There were inherent flaws in the 996 and 986 and the early 987 and 997's also. Porsche Cars North America (PCNA) lost a lawsuit brought upon them by owners whose engines went crunch and suffered scored bores.
http://www.eisenimssettlement.com/
In fact the flaw is so inherent, that Baz hart of Hartech in Bolton says if not modified, it's a matter of when not if the engine packs up with scored bores and/or IMS failure.
I know a lot of Porsche indys who are ex-OPC and they ALL cite the numerous examples of crunched engines (around 2-3 a month) they got in for replacement engines. OPC (Official Porsche Centres) refused to accept an inherent flaw in the design, fearing it would open the floodgates for class action lawsuits or individual lawsuits.

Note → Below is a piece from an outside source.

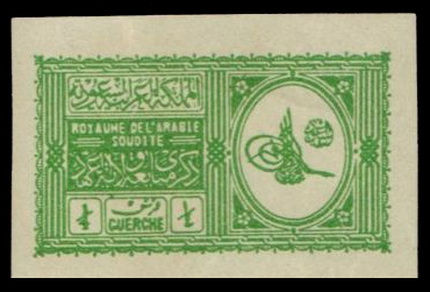 The first postage stamp of the Kingdom of Saudi Arabia, 1934, 1/4g, Scott #138. Proclamation of Emir Saud as Heir Apparent of Arabia.
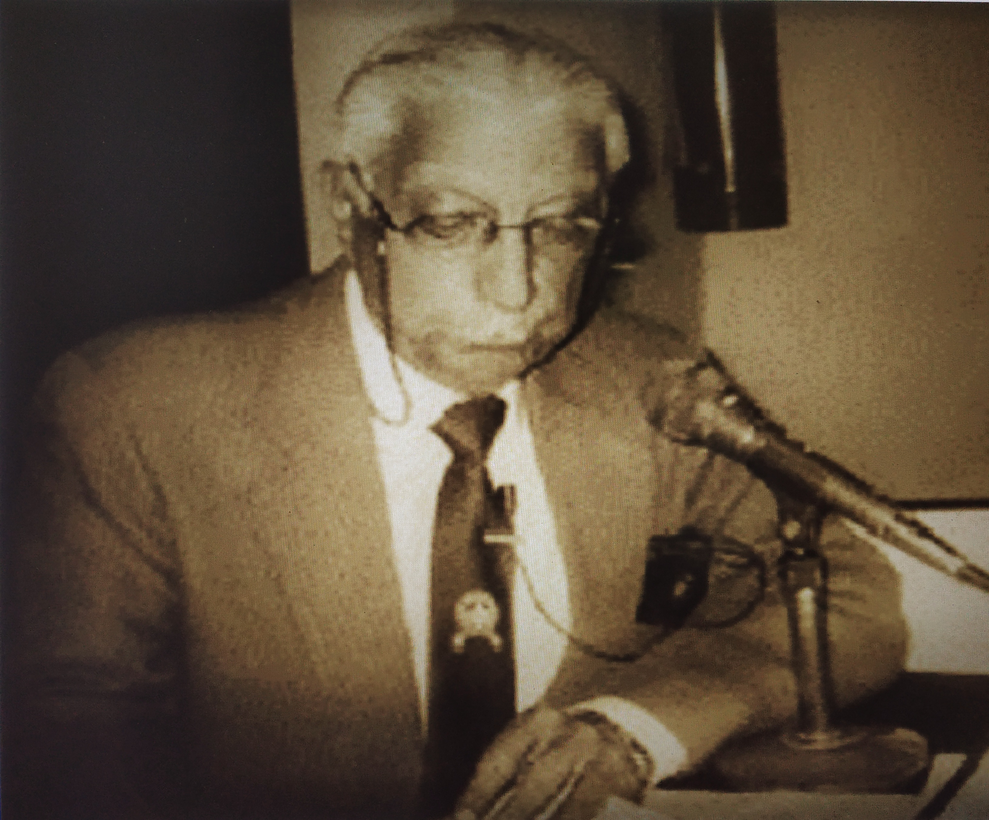 Gulshan Lal Tandon during a meeting wearing Blazer in front of a microphone.

Unfortunately, when OPC replaced the engines under warranty (remember you can extend the standard warranty to 10 years), they replaced the crunched engines with the same flawed engines so it was another ticking time bomb until that engine went crunch.
Hartech are probably the best for rebuilds, replacing the cheap lokasil liners for nikasil, and machining the water channels on bank 2 for better water flow and cooling, better quality pistons and rings, better IMS bearing etc. baz has made a living out of rebuilding broken boxster and cayman and 996 and 997 engines. His core business is founded upon Porsche's failure to correct the flawed design (until they came out with the DFI engine). But a Hartech-rebuilt engine is no safeguard without sight of (a) Hartech full report and recommendations and (b) the FULL itemised invoice.

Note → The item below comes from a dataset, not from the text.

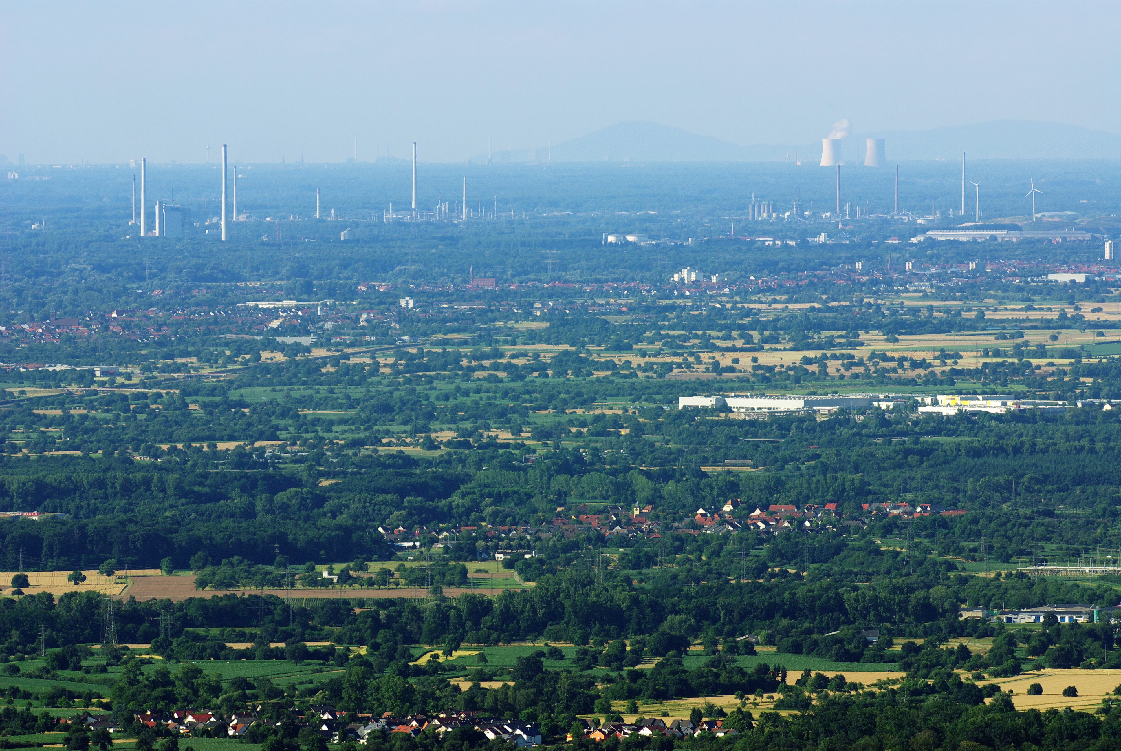 View from mount Fremersberg near Baden-Baden across the Upper Rhine Plain to the Odenwald.
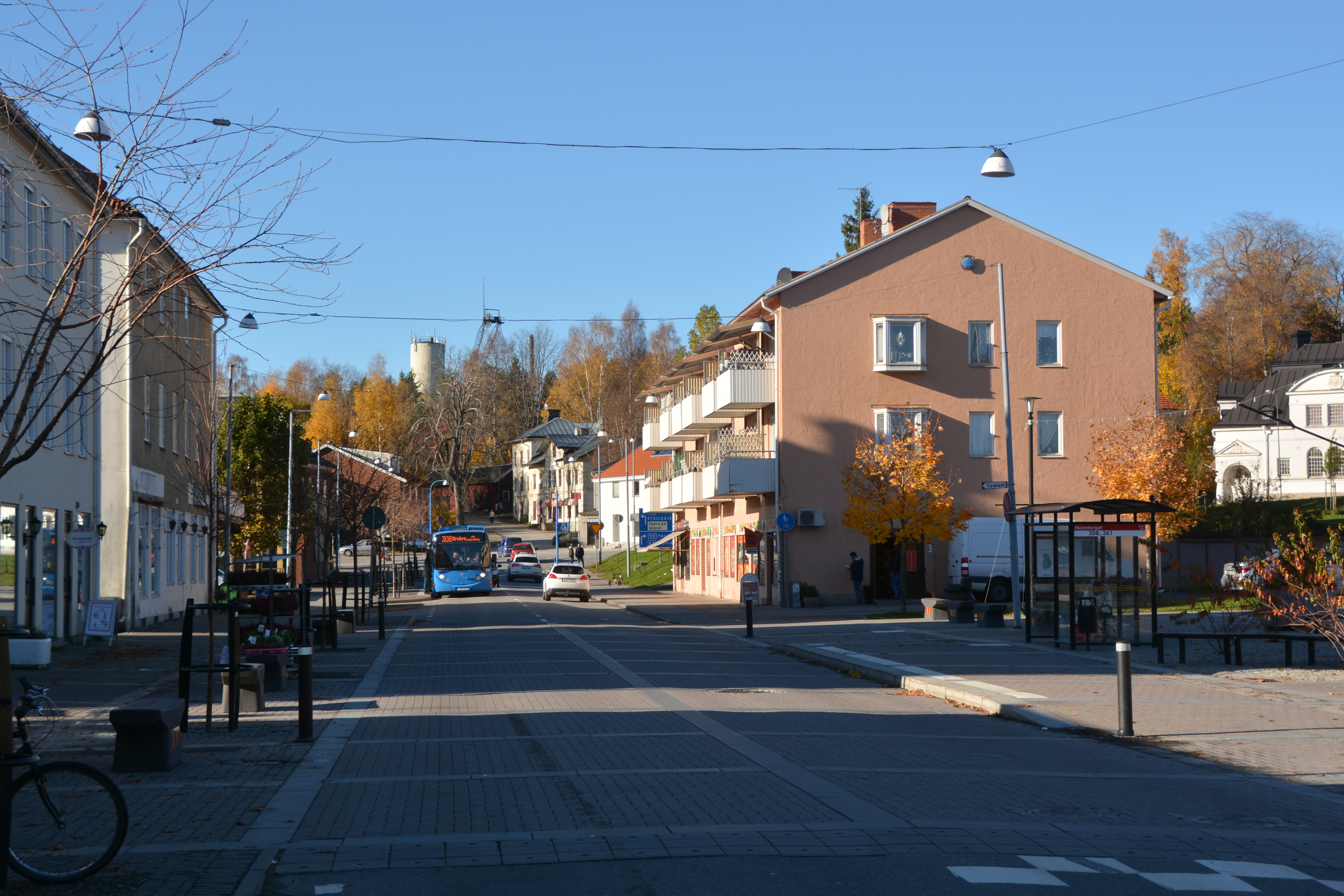 Kopparbergs centrum vid Malmtorget

I even know of people who had a borescope on pre-purchase at indys, were given the all-clear and then into ownership, borescope request at service showed scored bores. Some off-loaded them onto unsuspecting mugs. Others sank £10k-£12k into a rebuild and kept telling themselves and forum members that it was a keeper. It has to be after sinking that sort of money and worth not a lot more than the cost of the rebuild! Still some others went for "partial" rebuild for the problem to re-occur on the non-rectified items to keep costs down and off-load the car to some unsuspecting mug who is mesmerised by "hartech-rebuild or indy- rebuild". It all depends on what the owners instruct Hartech to carry out with the recommendations provided.
Now tell me, who wants to buy a non-Mezger, non-DFI Porsche water-cooled car?
Not me for sure. I don't like to play Russian Roulette with a live round in a chamber. Though plenty of people evidently do judging by how many of these cars are out there.